Jack: And all that comes from one single gene. The one gene has at least three complete, seemingly unrelated messages. So in fact, we’re really talking about surrealism here. What is life?

Andrew: What is life? Life is a very specific and peculiar organization. It’s extremely complex in its organization. Features we associate with the living processes include motility, propagation, homeostasis.

Jack: What is homeostasis?

Andrew: The ability to stay the way one is.

Jack: A cell is alive, a virus is not alive?

Andrew: That’s right.

Jack: A bacterium is alive?

Andrew: That’s right. And a piece of a cell is alive for a while, okay, even though it doesn’t have any nucleic acids in it.

Jack: Because it replicates?

Andrew: No! It doesn’t replicate. you see. It’s, that’s where the, the idea of all of these things being necessary characteristics or Aristotelian qualities the predicate of the sentence, "What is life?" Life is, motility and replication. The problem with that is that there are exceptions but the exceptions are either time-shifted or materially shifted in some way that would not constitute normal living processes. They occur in experimental dishes or whatever. I mean they don’t normally occur in the pageant of evolution. I mean you have intact cells in other words you don't cut em in half, okay.
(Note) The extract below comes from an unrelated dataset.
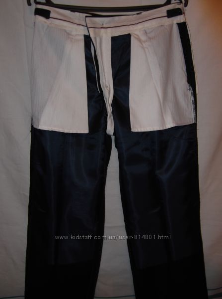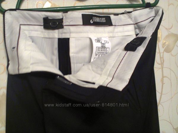 Модель брюк - современная не глубокая посадка, средней зауженности, со встроенной резиночкой с перестёжкой - пуговичкой в поясе, на подкладке ниже колена. Внутренние швы обработаны специальной тесьмой, гульфик полностью обшит спец-методом, на фото 6.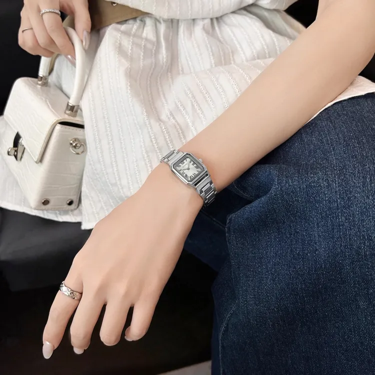 Серебряный синий циферблат.

That contributes nothing to organic evolution to cut a cell in half. But you can’t say that, that piece of cytoplasm isn’t alive. After all it maintains homeostasis. You can in, in effect reduce life.

Jack: What will be the next thing which will make you feel, okay! That's an achievement! I wanted to do that, and I've done it!

Andrew: I want to cure melanoma. It's a cancer. It's a very deadly cancer. I've picked one cancer because cancers are all different and even the same cancer is different in different people. So, I've focussed now on melanoma for about 3 years and we've gotten some inroads in understanding how its organized, its structure if you will. So now we can begin perturbing it, or changing it in certain ways and asking if we can actually stop it. And that's what I came here to this meeting to discuss this ground state and how to articulate it. This is the ground state and from the computer people and the physicists here I've learned to call it, in their lingo.

Jack: Halt state.

Andrew: The halt state. I can make the analogy and its useful to make an analogy because when you make an analogy then you can make a physical model, as Watson and Crick did. I go back to the heroes. I always do.

Jack: They're your heroes?

Andrew: Absolutely.

Jack: Even though you contradict their -

Andrew: Yes.

Jack: their dogma?

Andrew: Yes. Yes. Because they made a model. And the model has been extremely useful in employing millions of people for many years.

Jack: What kind of a shot do you have at achieving your aim, curing melanoma, do you think?

Andrew: Better than average.

Jack: Better than average?

Andrew: Better than average, if I'm lucky and keep my head screwed on right and work very hard, have good help - as you know I've had the last few years. I've been fortunate the last few years. If I have those things then I think we can cure cancer, I really do.

Jack: Great.

Andrew: At least this cancer, all right.

Jack: Right! And, and that will help us to cure others?

Andrew: It invariably will, because, I'm not going to say the same method may be used, but some of the principles may be applicable.

Jack: I wish to inform,our reading public, that, Dr. Andy Mitosis — I beg your pardon silly mistake, Dr, Andrew Maniotis - as of this moment is lighting a cigarette. Thank you.